→ **Exercise details**: Nothing but the lines from the start of the data through the line with "2021届毕业生代表食品科学" should appear in the answer, each retyped exactly, and pictures should not.

→ **Exercise input**:

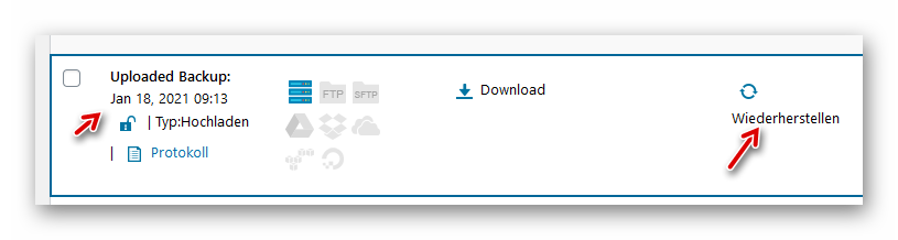 Die aktuelle Zeile für unser hochgeladenes Backup ist durch eine Umrahmung hervorgehoben. Der Klick auf den Link “Wiederherstellen” starten den Restore-Prozess:
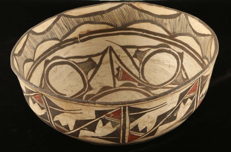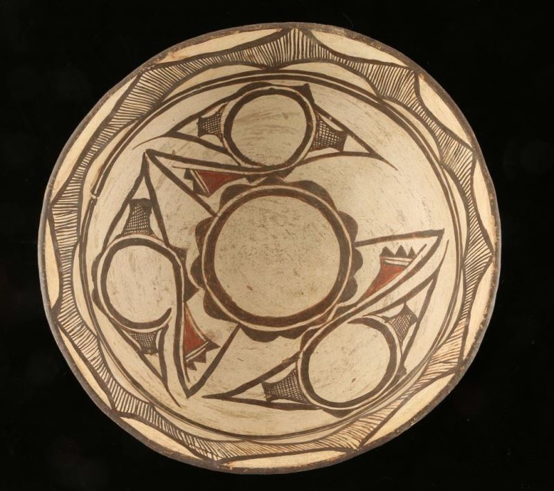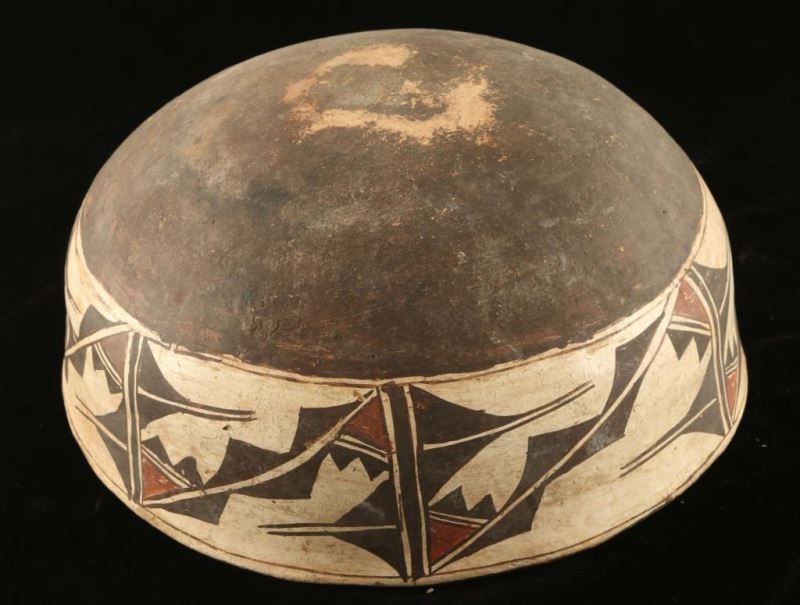 Very nice polychrome finish with a geometric pattern. Near fine condition for its age. Museum quality piece from a noted Scottsdale, AZ collector. Measures 6"h x 14"dia.
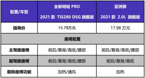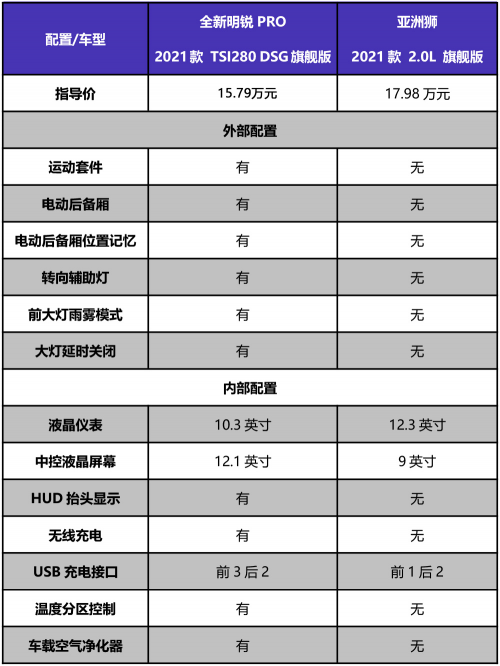 在兩款車的內(nèi)外配置對比中,全新明銳PRO真正做到了一臺頂配車型應(yīng)有的樣子,而售價更高的亞洲獅則顯得吝嗇許多。
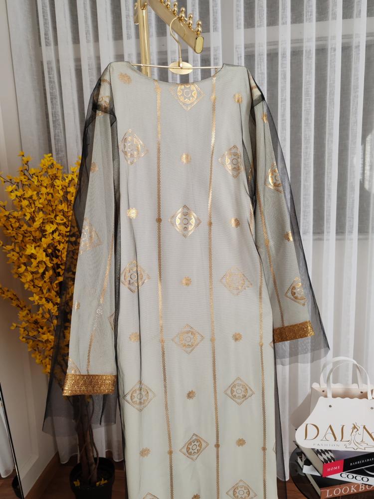 جلابيه ابيض مع بشت تطريز كمبيوتر ذهبي تضفي لك تميز رايع
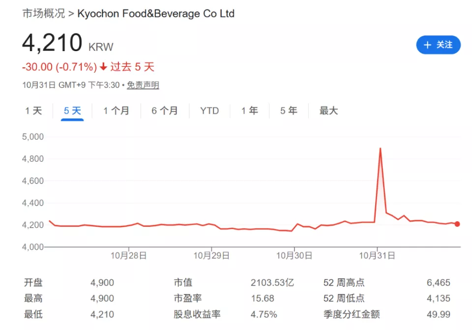 Chicken未上市,寻求短期收益的交易者将目光投向了其他相关公司。炸鸡连锁品牌Kyochon F&B
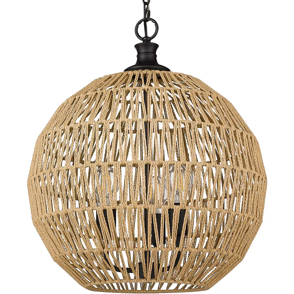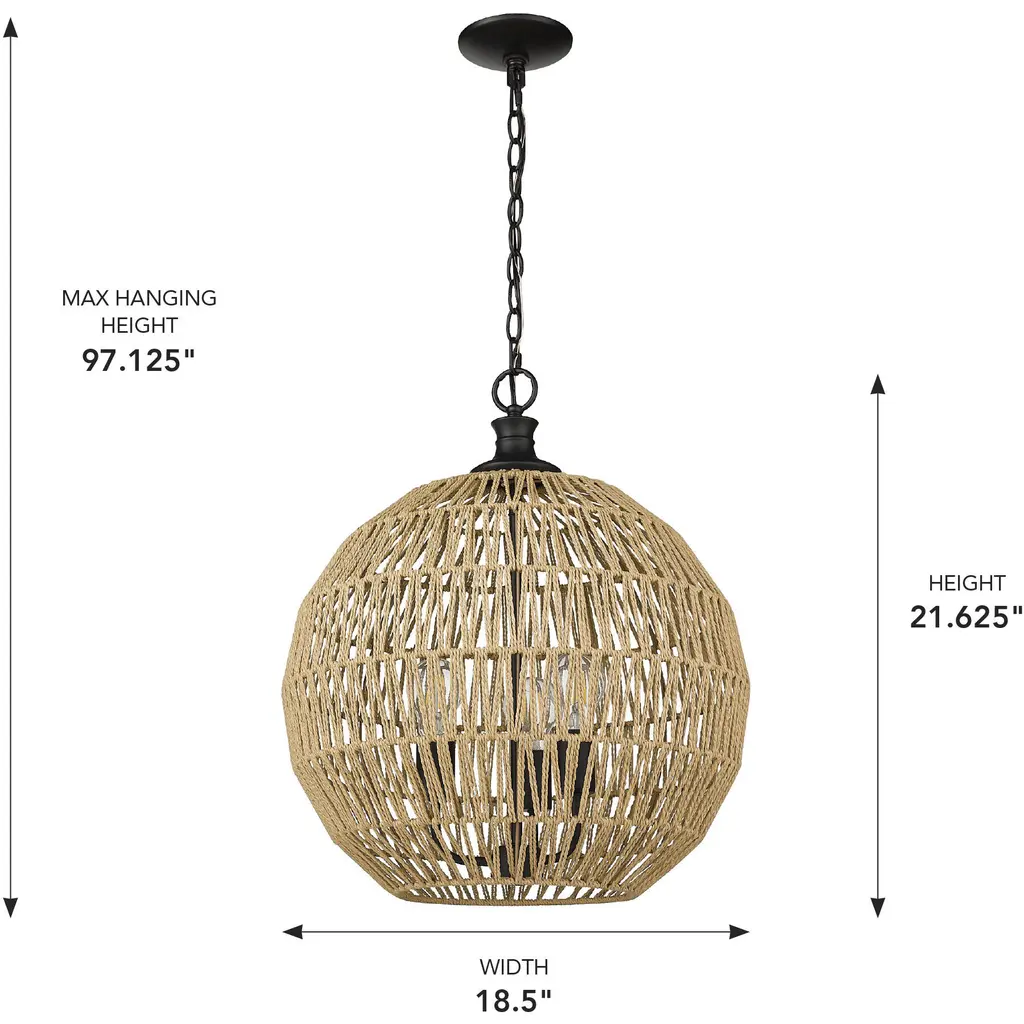 Bring Boho elegance into your home with the Golden Lighting Florence 3-light Pendant in Matte Black. Featuring a rope shade and a matte black frame, it creates a welcoming atmosphere. The natural raphia rope shade brings a breezy, coastal feel to any space, with its hand-woven construction and interplay of light and shadow. The finish is the epitome of clean, modern style, its deep, uniform black color adds sophistication and versatility, complementing various décor. Ideal for dry locations, this pendant is perfect for indoor spaces like bedrooms and living rooms. It's sloped-ceiling compatible, with an adjustable height of 25.125" to 97.125". Overall dimensions are 18.5"W x 21.63"H x 18.5"D, and it requires 3 E26 medium base bulbs (not included) with a maximum wattage of 60 per bulb. Elevate your home's aesthetic with this versatile and stylish lighting fixture.
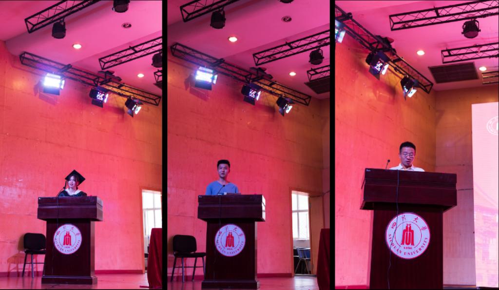 2021届毕业生代表食品科学与工程专业李静雯在校生代�2018级生物工程专业倪正�教师代表曾维�副教�分别发言
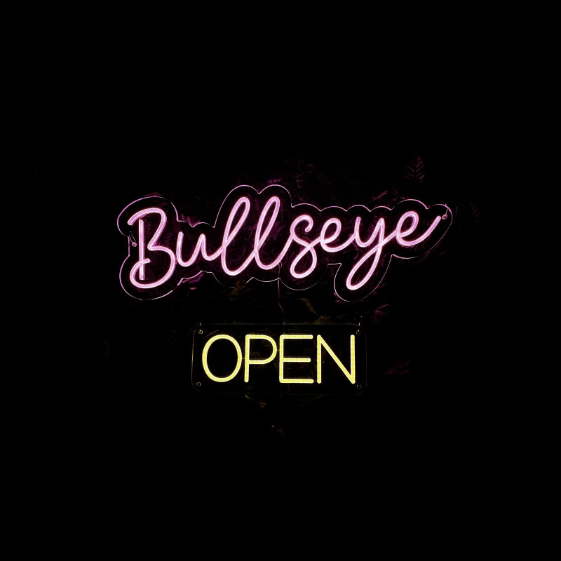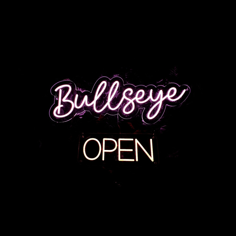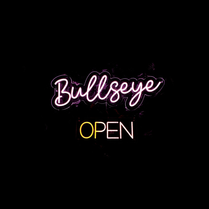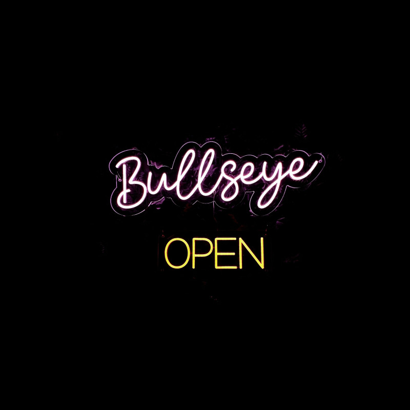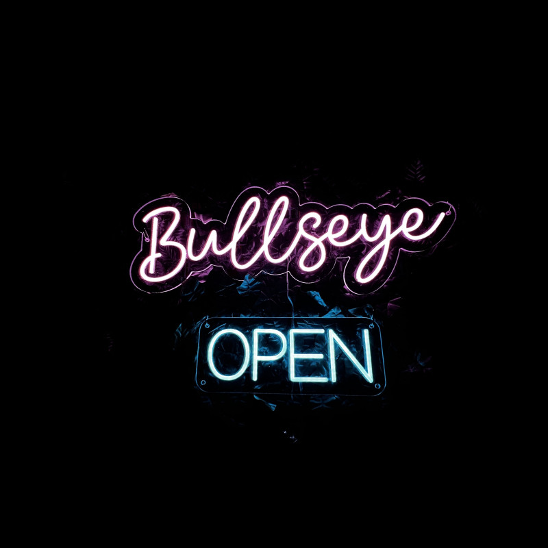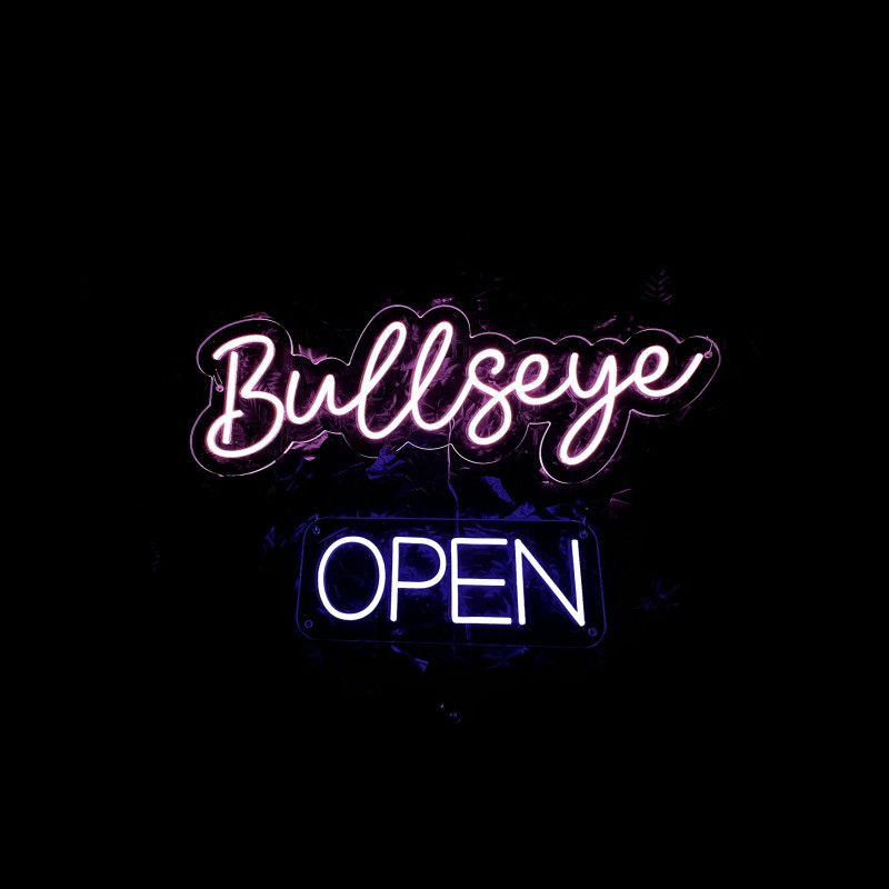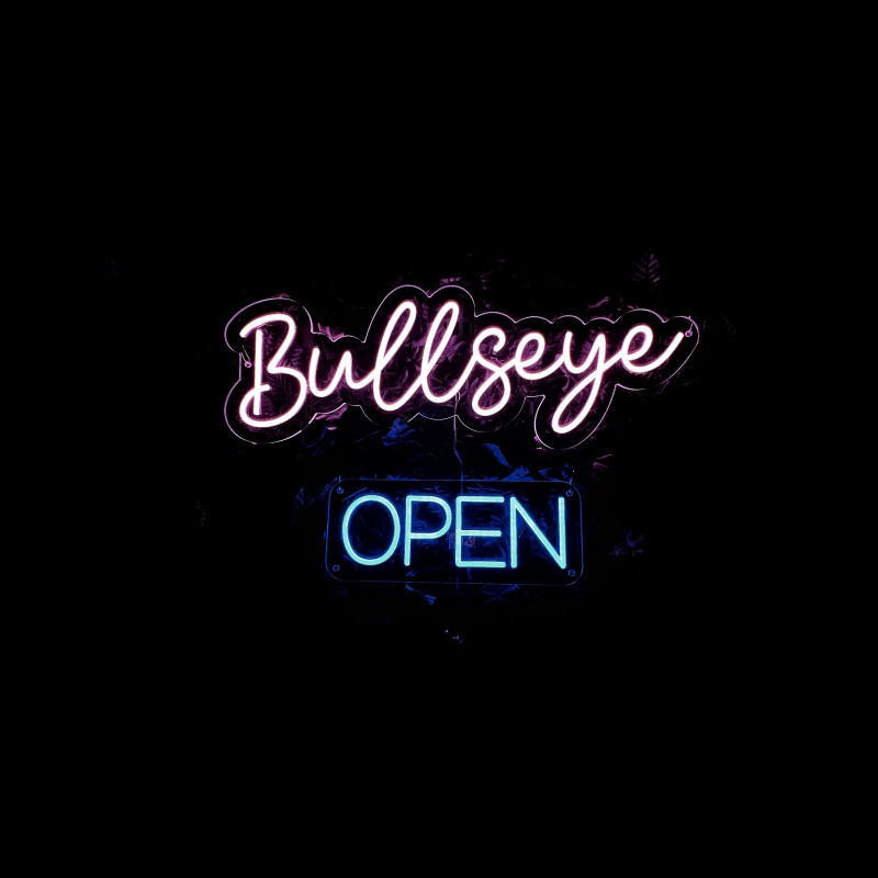 Bullseye Clothing est une marque streetwear présente en ligne et en boutique, axée sur une identité urbaine et un impact visuel en magasin. Deux enseignes complémentaires : « Bullseye » (logo — vitrine/caisse/brand wall, ancre d’identité) et « OPEN » (statut d’ouverture — porte/vitrine, améliore la conversion piétonne). Profil fin, lueur uniforme, montage propre, rendu photo/vidéo impeccable ; personnalisation facile (taille, couleurs, finitions). « OPEN » peut intégrer des modes on/off/programmables.

→ **Result for this exercise**:
 Die aktuelle Zeile für unser hochgeladenes Backup ist durch eine Umrahmung hervorgehoben. Der Klick auf den Link “Wiederherstellen” starten den Restore-Prozess:
 Very nice polychrome finish with a geometric pattern. Near fine condition for its age. Museum quality piece from a noted Scottsdale, AZ collector. Measures 6"h x 14"dia.
 在兩款車的內(nèi)外配置對比中,全新明銳PRO真正做到了一臺頂配車型應(yīng)有的樣子,而售價更高的亞洲獅則顯得吝嗇許多。
 جلابيه ابيض مع بشت تطريز كمبيوتر ذهبي تضفي لك تميز رايع
 Chicken未上市,寻求短期收益的交易者将目光投向了其他相关公司。炸鸡连锁品牌Kyochon F&B
 Bring Boho elegance into your home with the Golden Lighting Florence 3-light Pendant in Matte Black. Featuring a rope shade and a matte black frame, it creates a welcoming atmosphere. The natural raphia rope shade brings a breezy, coastal feel to any space, with its hand-woven construction and interplay of light and shadow. The finish is the epitome of clean, modern style, its deep, uniform black color adds sophistication and versatility, complementing various décor. Ideal for dry locations, this pendant is perfect for indoor spaces like bedrooms and living rooms. It's sloped-ceiling compatible, with an adjustable height of 25.125" to 97.125". Overall dimensions are 18.5"W x 21.63"H x 18.5"D, and it requires 3 E26 medium base bulbs (not included) with a maximum wattage of 60 per bulb. Elevate your home's aesthetic with this versatile and stylish lighting fixture.
 2021届毕业生代表食品科学与工程专业李静雯在校生代�2018级生物工程专业倪正�教师代表曾维�副教�分别发言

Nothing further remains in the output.